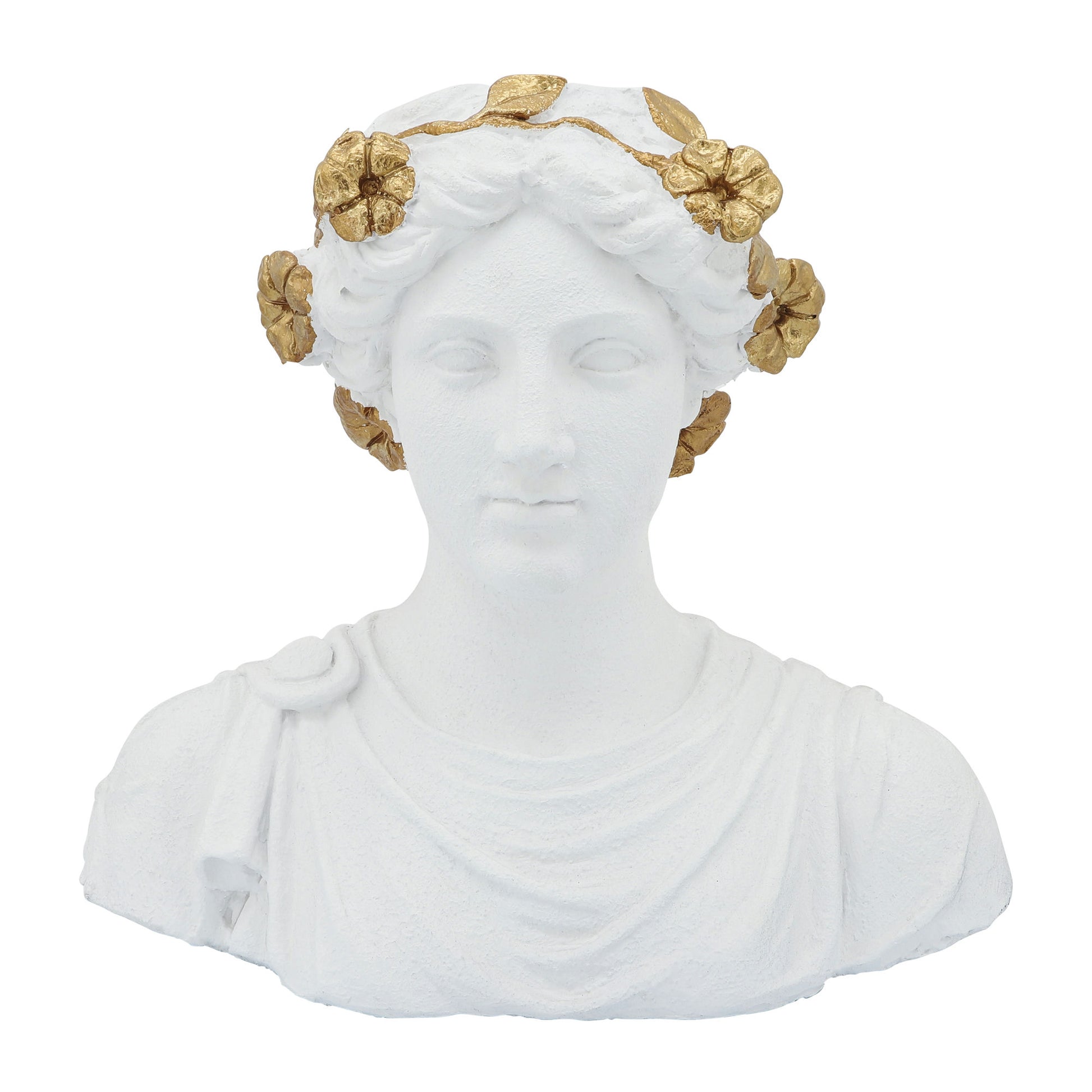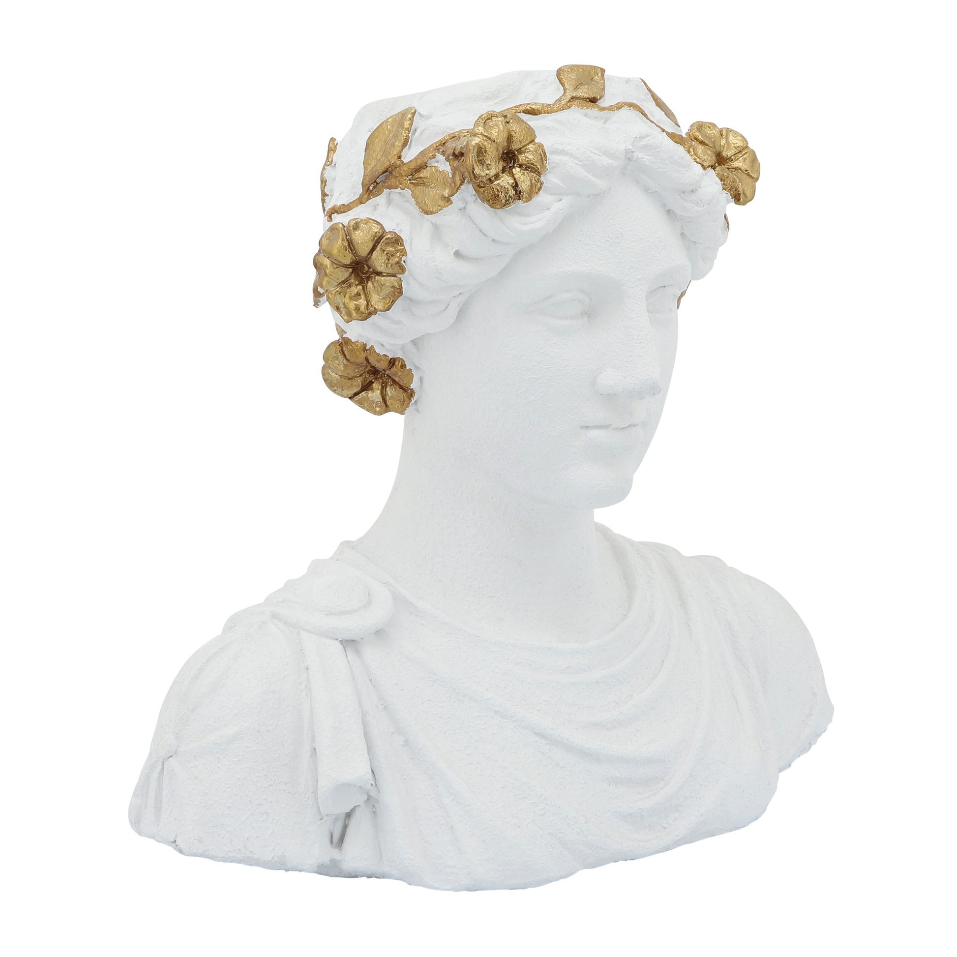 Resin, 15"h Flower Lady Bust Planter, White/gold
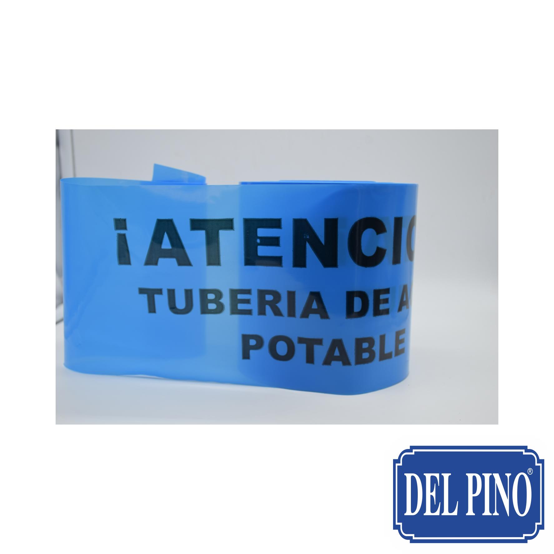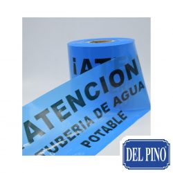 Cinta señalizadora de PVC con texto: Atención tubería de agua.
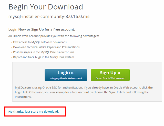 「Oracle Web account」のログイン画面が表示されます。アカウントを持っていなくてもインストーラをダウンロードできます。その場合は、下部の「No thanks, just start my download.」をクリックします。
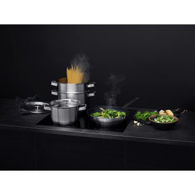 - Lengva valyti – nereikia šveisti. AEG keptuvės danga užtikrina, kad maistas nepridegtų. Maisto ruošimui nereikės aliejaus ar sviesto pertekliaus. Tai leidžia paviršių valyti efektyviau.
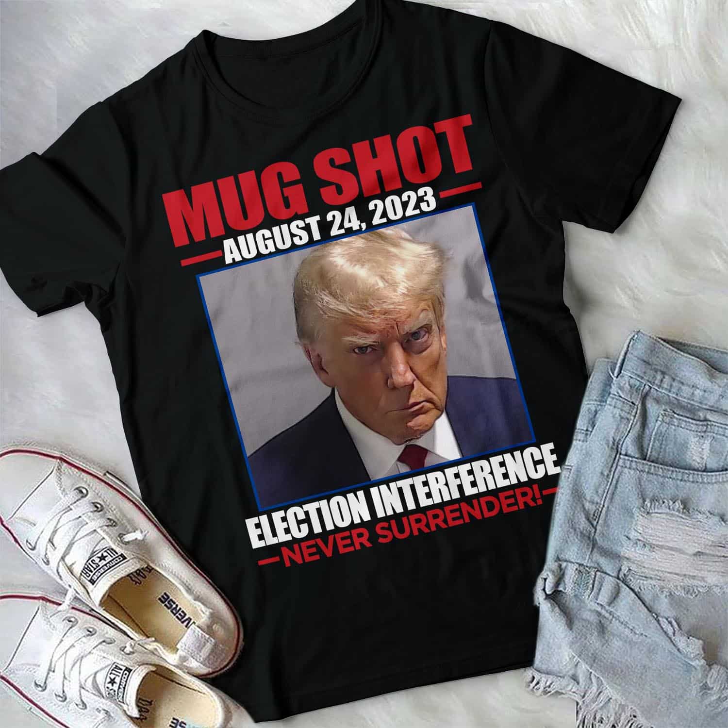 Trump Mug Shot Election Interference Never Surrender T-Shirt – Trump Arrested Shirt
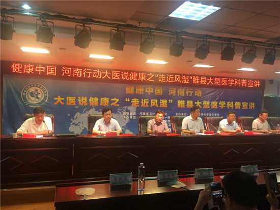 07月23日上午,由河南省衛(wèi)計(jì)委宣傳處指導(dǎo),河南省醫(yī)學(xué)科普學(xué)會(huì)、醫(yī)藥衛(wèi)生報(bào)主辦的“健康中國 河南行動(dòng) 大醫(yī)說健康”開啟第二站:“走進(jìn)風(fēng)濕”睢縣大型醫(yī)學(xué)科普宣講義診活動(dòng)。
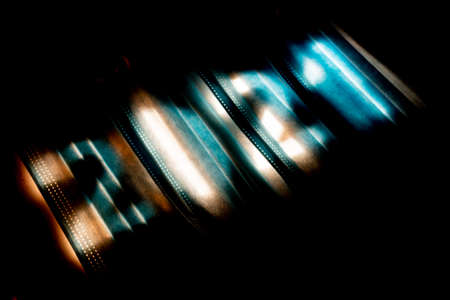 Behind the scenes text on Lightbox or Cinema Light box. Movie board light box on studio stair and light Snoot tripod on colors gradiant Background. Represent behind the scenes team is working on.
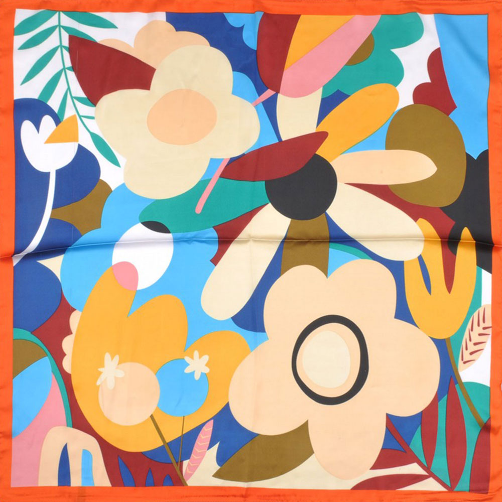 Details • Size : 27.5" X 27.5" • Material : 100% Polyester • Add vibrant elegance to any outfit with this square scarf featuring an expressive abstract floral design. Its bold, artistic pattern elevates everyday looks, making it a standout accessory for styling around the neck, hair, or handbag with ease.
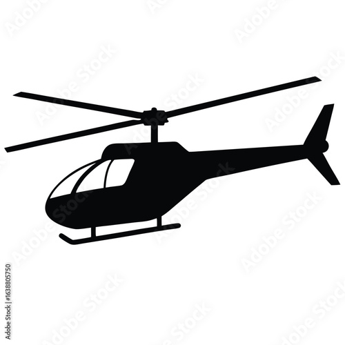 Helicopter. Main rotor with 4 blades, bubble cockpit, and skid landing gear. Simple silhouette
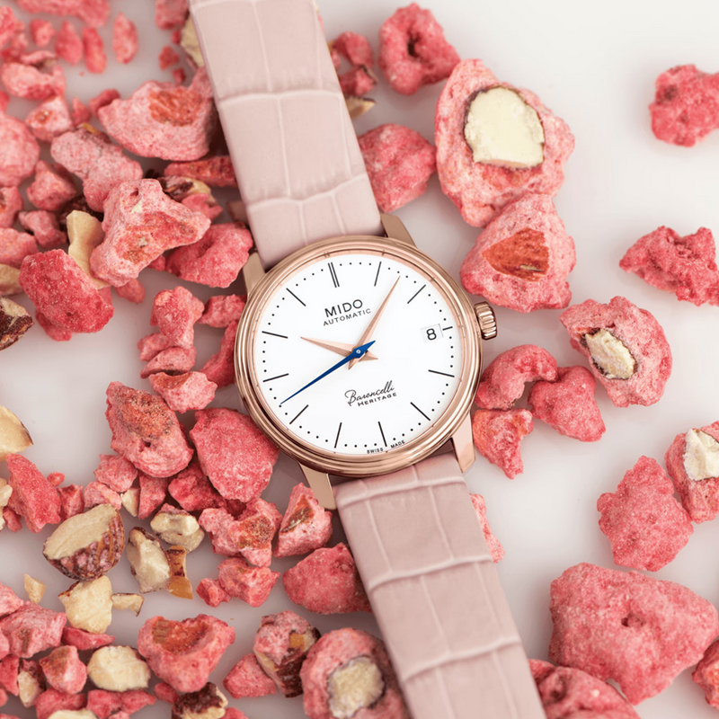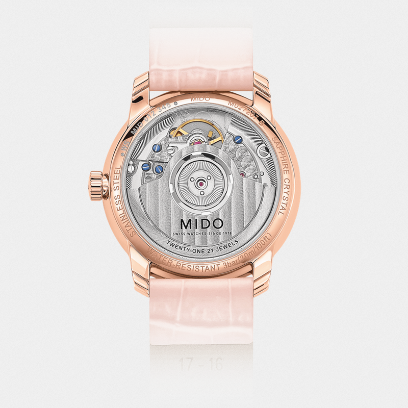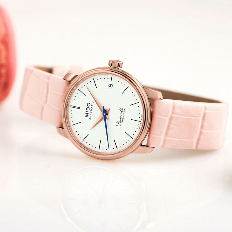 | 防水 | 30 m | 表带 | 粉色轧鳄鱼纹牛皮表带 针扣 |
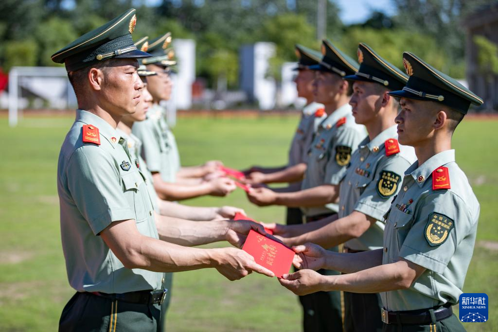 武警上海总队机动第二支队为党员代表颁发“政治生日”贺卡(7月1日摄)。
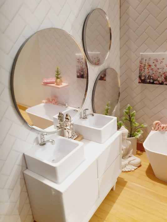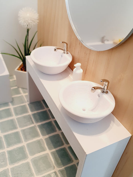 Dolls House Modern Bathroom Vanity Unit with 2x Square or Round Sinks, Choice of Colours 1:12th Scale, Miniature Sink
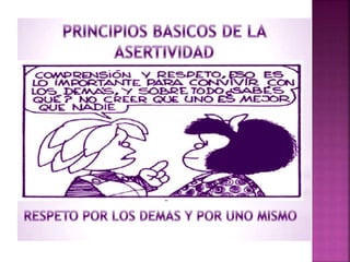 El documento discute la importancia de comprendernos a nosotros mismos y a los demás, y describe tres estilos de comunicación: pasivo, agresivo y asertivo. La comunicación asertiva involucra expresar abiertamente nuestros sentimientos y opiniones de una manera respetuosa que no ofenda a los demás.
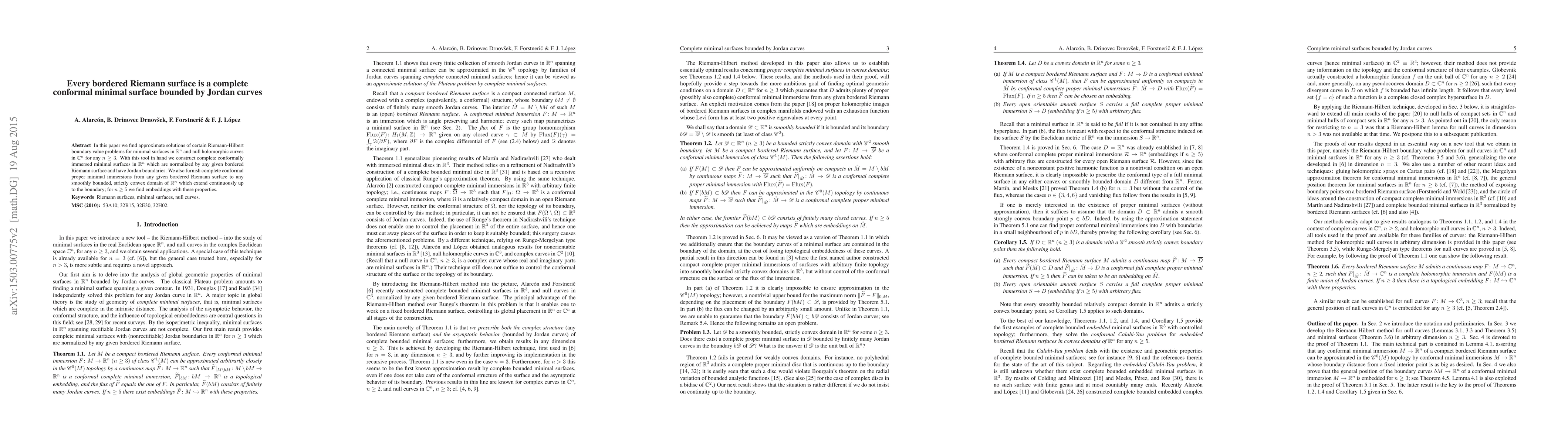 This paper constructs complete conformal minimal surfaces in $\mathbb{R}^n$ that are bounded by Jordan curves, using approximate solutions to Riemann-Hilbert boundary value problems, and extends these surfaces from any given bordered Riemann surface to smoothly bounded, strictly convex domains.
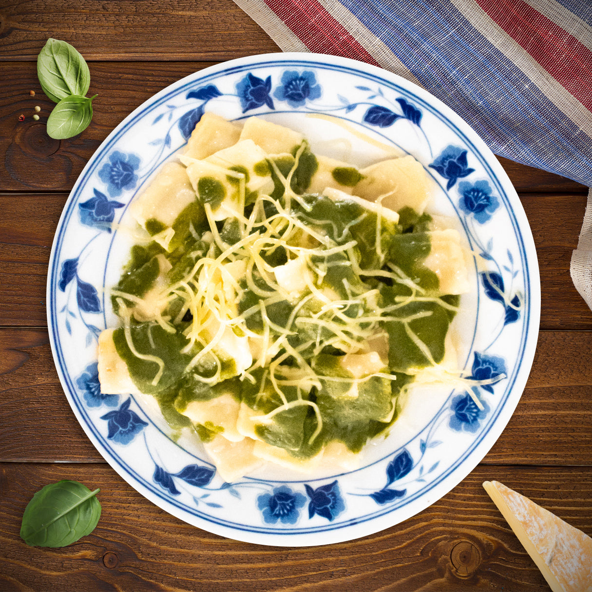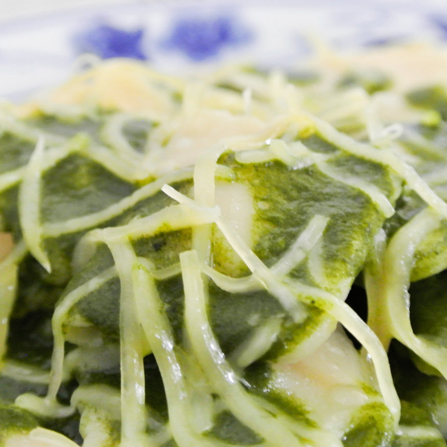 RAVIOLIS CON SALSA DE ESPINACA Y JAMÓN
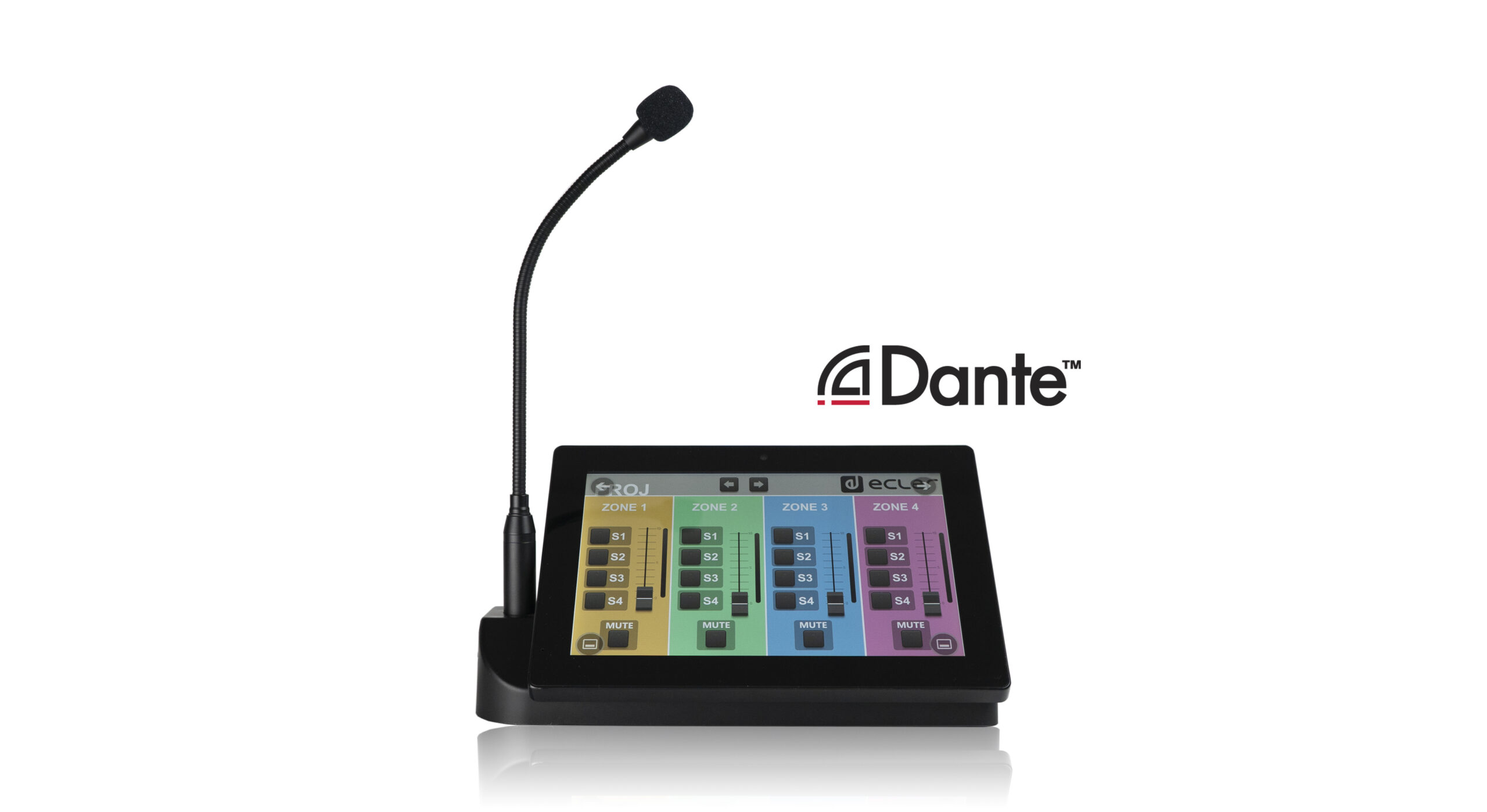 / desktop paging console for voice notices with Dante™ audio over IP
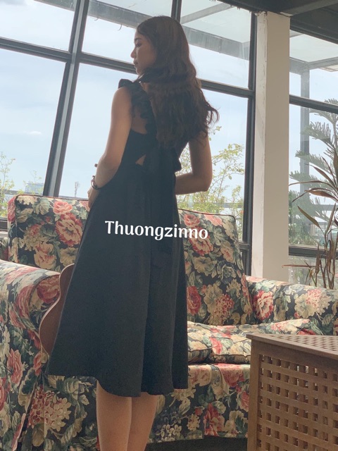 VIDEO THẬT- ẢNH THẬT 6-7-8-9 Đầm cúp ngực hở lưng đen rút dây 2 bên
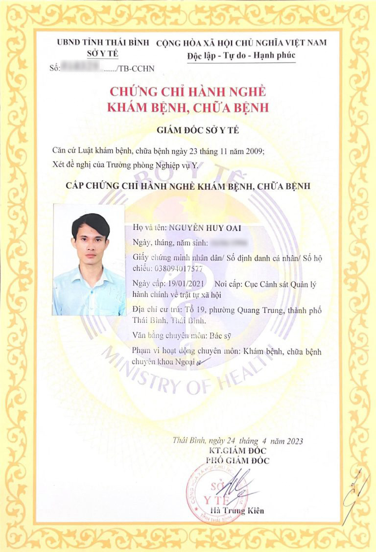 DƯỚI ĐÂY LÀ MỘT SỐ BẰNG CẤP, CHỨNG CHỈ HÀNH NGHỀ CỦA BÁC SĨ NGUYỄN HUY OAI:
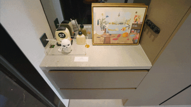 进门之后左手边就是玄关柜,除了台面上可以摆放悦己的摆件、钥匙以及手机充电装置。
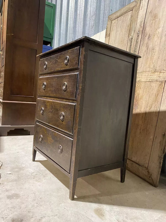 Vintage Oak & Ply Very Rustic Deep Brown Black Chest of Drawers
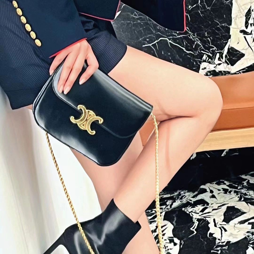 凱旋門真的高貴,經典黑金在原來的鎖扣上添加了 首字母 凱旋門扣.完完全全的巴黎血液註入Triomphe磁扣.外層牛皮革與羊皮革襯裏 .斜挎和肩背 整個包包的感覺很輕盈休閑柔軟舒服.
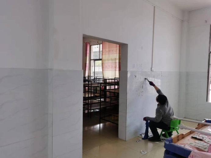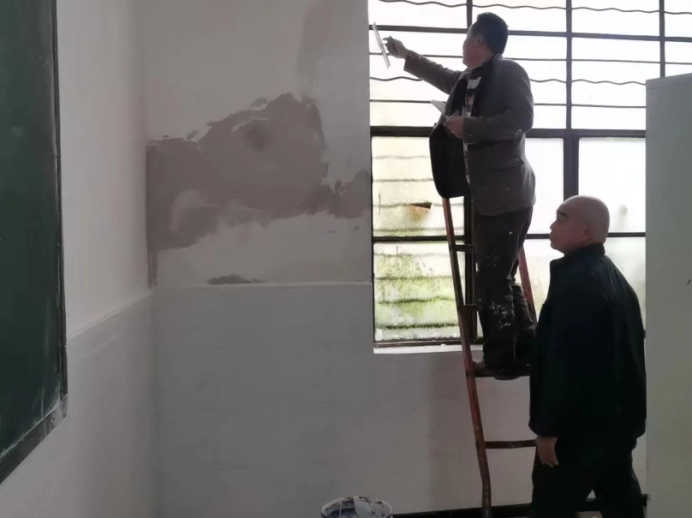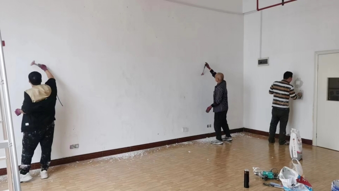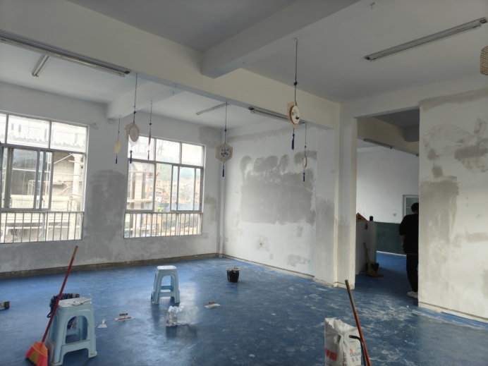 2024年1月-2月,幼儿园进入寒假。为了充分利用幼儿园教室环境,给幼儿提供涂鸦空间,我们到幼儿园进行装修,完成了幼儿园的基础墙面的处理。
_ _ _ _ _
## WORK REQUEST
Output the records above in their entirety and exactly, leaving out all images.

## EXERCISE OUTPUT
 Resin, 15"h Flower Lady Bust Planter, White/gold
 Cinta señalizadora de PVC con texto: Atención tubería de agua.
 「Oracle Web account」のログイン画面が表示されます。アカウントを持っていなくてもインストーラをダウンロードできます。その場合は、下部の「No thanks, just start my download.」をクリックします。
 - Lengva valyti – nereikia šveisti. AEG keptuvės danga užtikrina, kad maistas nepridegtų. Maisto ruošimui nereikės aliejaus ar sviesto pertekliaus. Tai leidžia paviršių valyti efektyviau.
 Trump Mug Shot Election Interference Never Surrender T-Shirt – Trump Arrested Shirt
 07月23日上午,由河南省衛(wèi)計(jì)委宣傳處指導(dǎo),河南省醫(yī)學(xué)科普學(xué)會(huì)、醫(yī)藥衛(wèi)生報(bào)主辦的“健康中國 河南行動(dòng) 大醫(yī)說健康”開啟第二站:“走進(jìn)風(fēng)濕”睢縣大型醫(yī)學(xué)科普宣講義診活動(dòng)。
 Behind the scenes text on Lightbox or Cinema Light box. Movie board light box on studio stair and light Snoot tripod on colors gradiant Background. Represent behind the scenes team is working on.
 Details • Size : 27.5" X 27.5" • Material : 100% Polyester • Add vibrant elegance to any outfit with this square scarf featuring an expressive abstract floral design. Its bold, artistic pattern elevates everyday looks, making it a standout accessory for styling around the neck, hair, or handbag with ease.
 Helicopter. Main rotor with 4 blades, bubble cockpit, and skid landing gear. Simple silhouette
 | 防水 | 30 m | 表带 | 粉色轧鳄鱼纹牛皮表带 针扣 |
 武警上海总队机动第二支队为党员代表颁发“政治生日”贺卡(7月1日摄)。
 Dolls House Modern Bathroom Vanity Unit with 2x Square or Round Sinks, Choice of Colours 1:12th Scale, Miniature Sink
 El documento discute la importancia de comprendernos a nosotros mismos y a los demás, y describe tres estilos de comunicación: pasivo, agresivo y asertivo. La comunicación asertiva involucra expresar abiertamente nuestros sentimientos y opiniones de una manera respetuosa que no ofenda a los demás.
 This paper constructs complete conformal minimal surfaces in $\mathbb{R}^n$ that are bounded by Jordan curves, using approximate solutions to Riemann-Hilbert boundary value problems, and extends these surfaces from any given bordered Riemann surface to smoothly bounded, strictly convex domains.
 RAVIOLIS CON SALSA DE ESPINACA Y JAMÓN
 / desktop paging console for voice notices with Dante™ audio over IP
 VIDEO THẬT- ẢNH THẬT 6-7-8-9 Đầm cúp ngực hở lưng đen rút dây 2 bên
 DƯỚI ĐÂY LÀ MỘT SỐ BẰNG CẤP, CHỨNG CHỈ HÀNH NGHỀ CỦA BÁC SĨ NGUYỄN HUY OAI:
 进门之后左手边就是玄关柜,除了台面上可以摆放悦己的摆件、钥匙以及手机充电装置。
 Vintage Oak & Ply Very Rustic Deep Brown Black Chest of Drawers
 凱旋門真的高貴,經典黑金在原來的鎖扣上添加了 首字母 凱旋門扣.完完全全的巴黎血液註入Triomphe磁扣.外層牛皮革與羊皮革襯裏 .斜挎和肩背 整個包包的感覺很輕盈休閑柔軟舒服.
 2024年1月-2月,幼儿园进入寒假。为了充分利用幼儿园教室环境,给幼儿提供涂鸦空间,我们到幼儿园进行装修,完成了幼儿园的基础墙面的处理。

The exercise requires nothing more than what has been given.